= Paul Friedmann =

German philanthropist and Zionist (1840–c. 1900)

Paul Friedmann (26 April 1840 – c. 1900) was a German philanthropist and an early Zionist.

==Biography==
Friedmann was born in Königsberg to a Jewish family, but converted to Christianity. He was related to Moses Mendelssohn. He was a resident of Berlin but spent much of his life in London.

Much distressed over the fate of the Russian Jews after the persecutions of 1882–1890, he resolved to found a Jewish state in the Arabian peninsula. Towards this end, he consulted with Sir Evelyn Baring (later Lord Cromer, the British representative in Egypt) and purchased land in the Midian region for a Jewish colony. He assembled a group of 30 Jews, mainly refugees from Russia, appointing a Prussian officer to lead it.

Friedmann had a steamboat (S.S. Israel) built in Scotland, and went to Kraków personally to select the first immigrants. Twenty-four of these, under the leadership of Friedmann, Baron von Seebach and Lieutenant Thiele, with a doctor, a chemist and a builder, left Cairo in the middle of November 1891.

A landing was made at Sharm al-Moza on the east side of the Gulf of Aqaba, but the new colony did not last for more than two months. Internal dissensions broke out between the leaders, who were all Christians, and the Jews. The project was viewed with "considerable anxiety" in Constantinople.

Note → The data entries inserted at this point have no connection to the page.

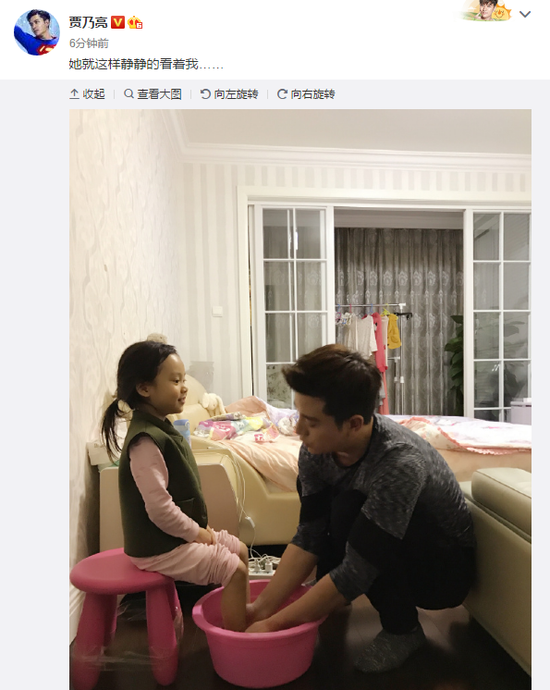 网易娱乐专稿11月17日报道 今早,贾乃亮在微博晒出自己为女儿甜馨洗脚的照片,甜馨乖乖的端坐在椅子上,认真又深情的望着贾乃亮,画面十分温馨。他配文表示:“她就这样静静的看着我……”
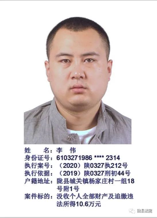 原标题:《陕西省陇县人民法院执行悬赏公告》
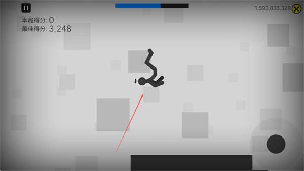 2、火柴人起跳后會(huì)在空中翻轉(zhuǎn)、移動(dòng),過程中會(huì)積累得分。
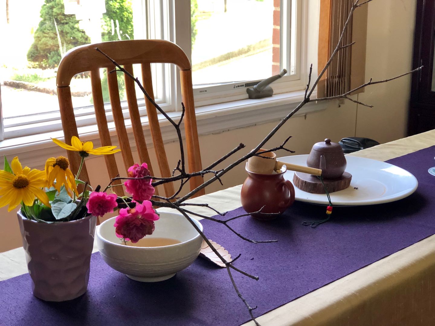 【疏影橫斜拂輕塵】秋分剛過,霜降未至,美東Bayside郊區楓葉乍紅,窗外鳥喧花繁,喝茶圖個定靜安樂;從台灣只帶來少數茶具,茶盤以大瓷盤權充,水方從廚房找出日本碗擱著,庭院摘來薔薇和野菊花,撿拾風掃落枝插成疏影橫斜花見,隨手展演一場秋日午後的自在茶席。
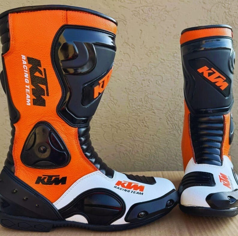 Step into the world of speed, performance, and protection with KTM Racing Team Motorcycle Boots ? a perfect fusion of style and safety for serious riders. Expertly handmade from 100% genuine leather, these boots are designed for racing professionals, MotoGP enthusiasts, and everyday riders who demand premium quality and comfort.

Friedmann, who had sunk 170,000 marks in the project, brought suit against the Egyptian government for £25,000. The Russian consul in Cairo also opened an investigation, and violent denunciatory articles appeared in the Egyptian press, especially in connection with the death of one of the settlers who had been forced to leave the encampment because of insubordination. In connection with the venture, Friedmann privately published Das Land Madian (Berlin, 1891).